C.3 - Property Issues:
- Due to the complexity of the proceedings, the hearing of this judgment is divided into two questions that require my decision. First, I will discuss the question of whether the residence is part of the joint property of the parties or not. Afterwards, I will discuss the total scope of the parties' joint property, with reference to other assets claimed by them, and the manner in which it is distributed.
- At the outset, since the wife's claim deals with the balance of resources in accordance with the law, an arrangement that, as is well known, grants each party half of the property accumulated during the marriage, the bulk of the legal process is clarifying the scope and estimation of the rights and joint property. On the face of it, the woman is the plaintiff and therefore the burden of proving the scope of the parties' joint property (including proof that the residence is a part of it) rests at her doorstep, according to the guiding principle that the one who takes out from his friend has to prove it. However, in this case the burden of bringing evidence has been reversed, and the reason lies in two pillars.

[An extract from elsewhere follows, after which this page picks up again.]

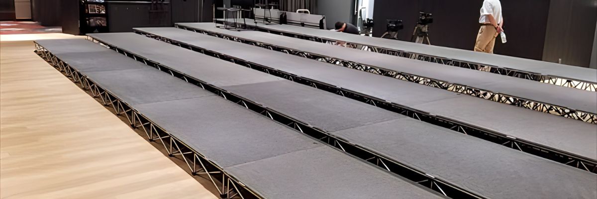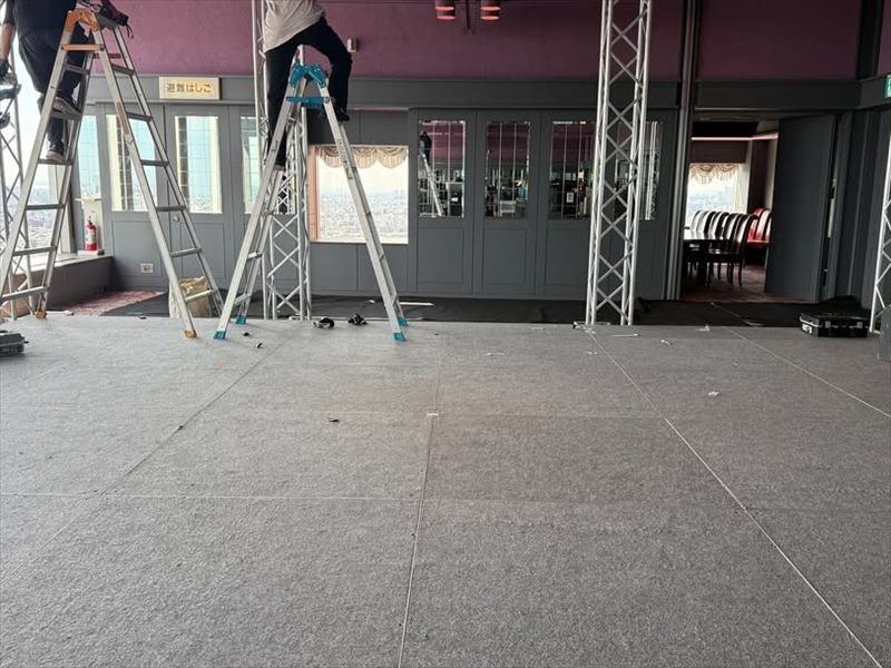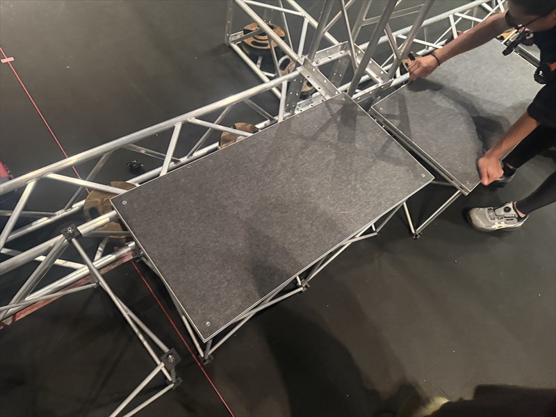 A階段の設置には、通常10~30分程度かかります!ステージの設営が完了した後、階段を設置するだけで済むため、設営作業自体は比較的スムーズに行えます!

- The first pillar is the man's procedural conduct, which was problematic and characterized by evasion and concealment, and a stubborn attempt to exhaust the court and the opposing party by providing irrelevant, vague answers that do not relate to the question itself. This conduct caused the woman severe evidentiary damage and even led to a significant complication of the procedure.
- For example, one of the many appearances of his deliberative conduct in one of his interrogations, which lasted for many hours due to the way he chose to answer questions:
"Attorney for the plaintiff: Now where did you pay $10 million? Where did you pay them from, from which bank account and when?